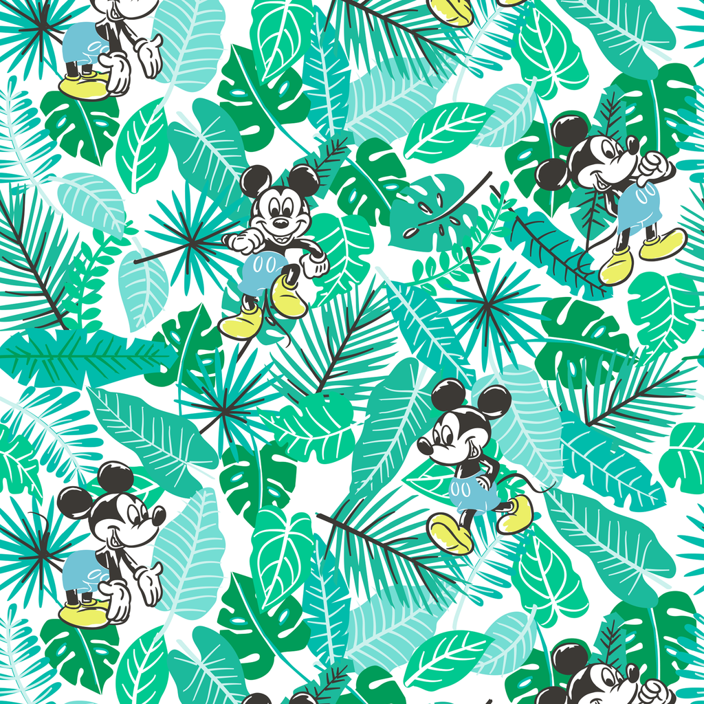 Vibrant tropical Disney Mickey Mouse pattern features the classic Disney character frolicking among turquoise palm leaves and green monstera foliage. Perfect for home decor or crafting projects.
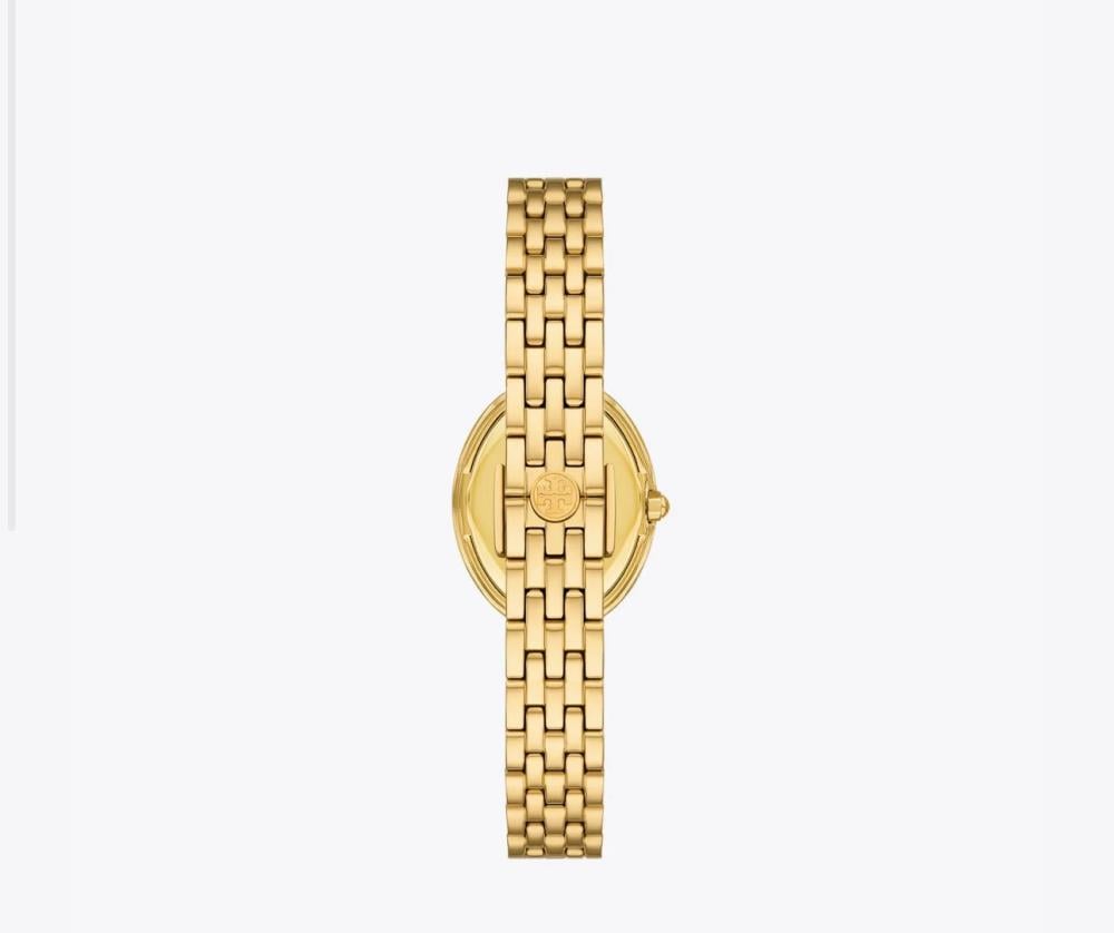 أنيق وأنثوي، قرص بيضاوي من الفولاذ المقاوم للصدأ بلون ذهبي مع سوار ربط كلاسيكي. أسلوب متطور يشبه المجوهرات يمكن ارتداؤه كل يوم أو مع ملابس رسمية. شاهد أقل
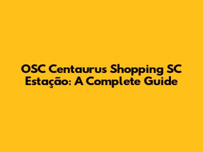 OSC Centaurus Shopping SC Estação: A Complete Guide
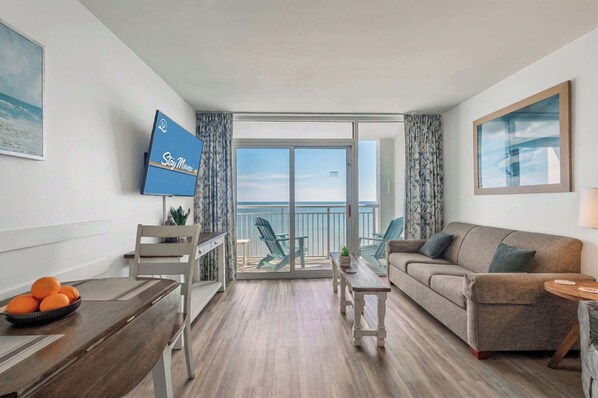 Located in the vibrant heart of Myrtle Beach, our condo is a prime spot for families or couples looking for memorable experiences. It’s designed to comfortably host up to four guests, providing the ideal backdrop for creating cherished memories. The addition of complimentary on-site garage parking, complete with a parking permit for our 1-bedroom Suites, ensures your visit is as smooth as the coastal breeze.
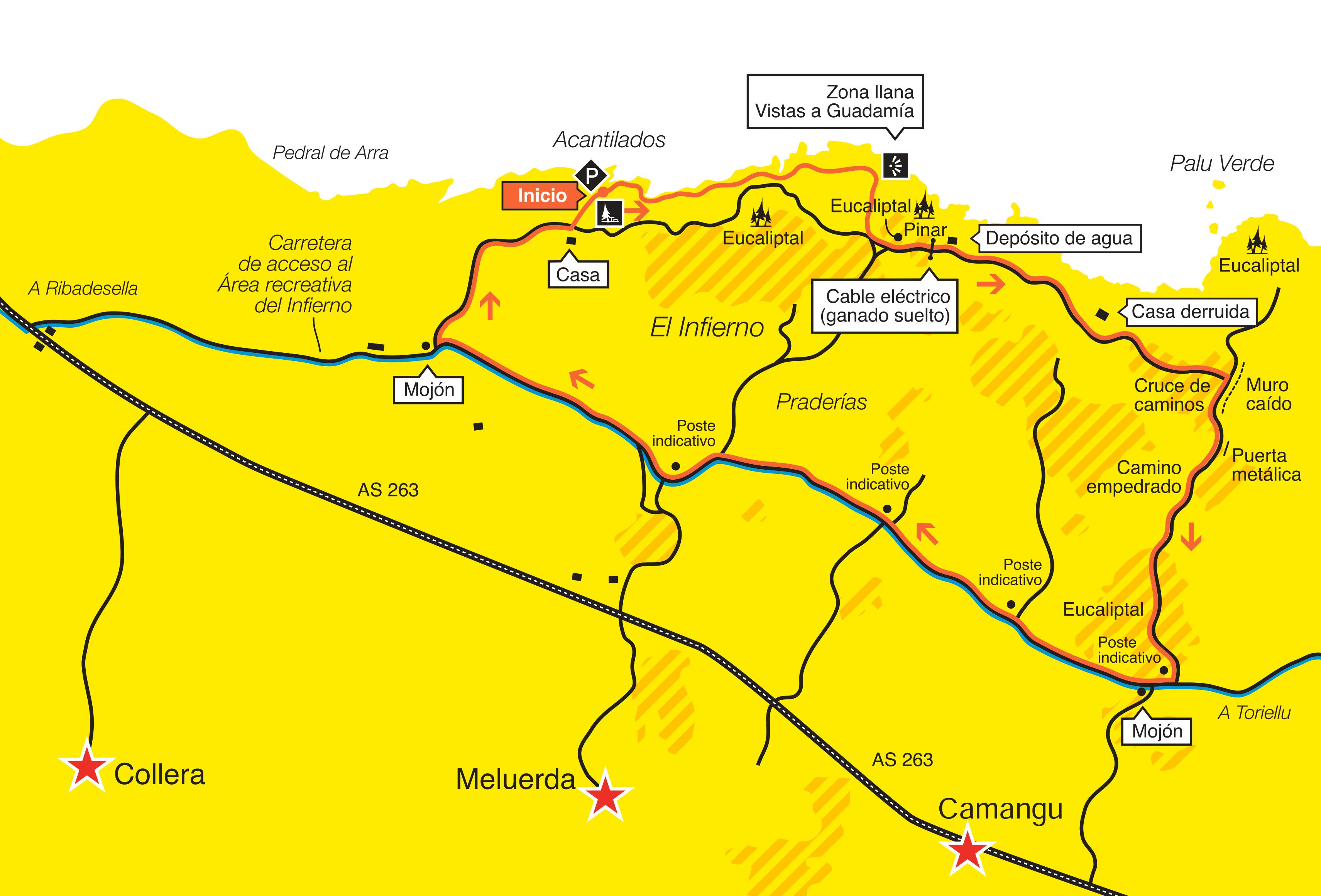 Depuis l’aire récréative de Guadamía et en parallèle aux falaises nous arrivons à la zone de Tomasón. Nous tournons vers le sud par un chemin de chariot vers Toriellu. Une fois traversè Toriellu et Cuerres nous arrivons à un pont sur le Guadamía et nous tournons vers le nord jusqu’à se rendre aux dernières maisons de Cuerres et que nord jusqu’à se rendre aux dernières maisons de Cuerres, et que nous nous approchons, à côté du Guadamía, de l’aire récreéative de départ.
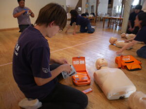 AEDも練習用を使い、実際にパッドを貼り付けて動かしてみます。

◇ ◇ ◇

- **TASK**:
Repeat the material above in full and exactly, apart from the pictures.

- **EXERCISE OUTPUT**:
 Vibrant tropical Disney Mickey Mouse pattern features the classic Disney character frolicking among turquoise palm leaves and green monstera foliage. Perfect for home decor or crafting projects.
 أنيق وأنثوي، قرص بيضاوي من الفولاذ المقاوم للصدأ بلون ذهبي مع سوار ربط كلاسيكي. أسلوب متطور يشبه المجوهرات يمكن ارتداؤه كل يوم أو مع ملابس رسمية. شاهد أقل
 OSC Centaurus Shopping SC Estação: A Complete Guide
 Located in the vibrant heart of Myrtle Beach, our condo is a prime spot for families or couples looking for memorable experiences. It’s designed to comfortably host up to four guests, providing the ideal backdrop for creating cherished memories. The addition of complimentary on-site garage parking, complete with a parking permit for our 1-bedroom Suites, ensures your visit is as smooth as the coastal breeze.
 Depuis l’aire récréative de Guadamía et en parallèle aux falaises nous arrivons à la zone de Tomasón. Nous tournons vers le sud par un chemin de chariot vers Toriellu. Une fois traversè Toriellu et Cuerres nous arrivons à un pont sur le Guadamía et nous tournons vers le nord jusqu’à se rendre aux dernières maisons de Cuerres et que nord jusqu’à se rendre aux dernières maisons de Cuerres, et que nous nous approchons, à côté du Guadamía, de l’aire récreéative de départ.
 AEDも練習用を使い、実際にパッドを貼り付けて動かしてみます。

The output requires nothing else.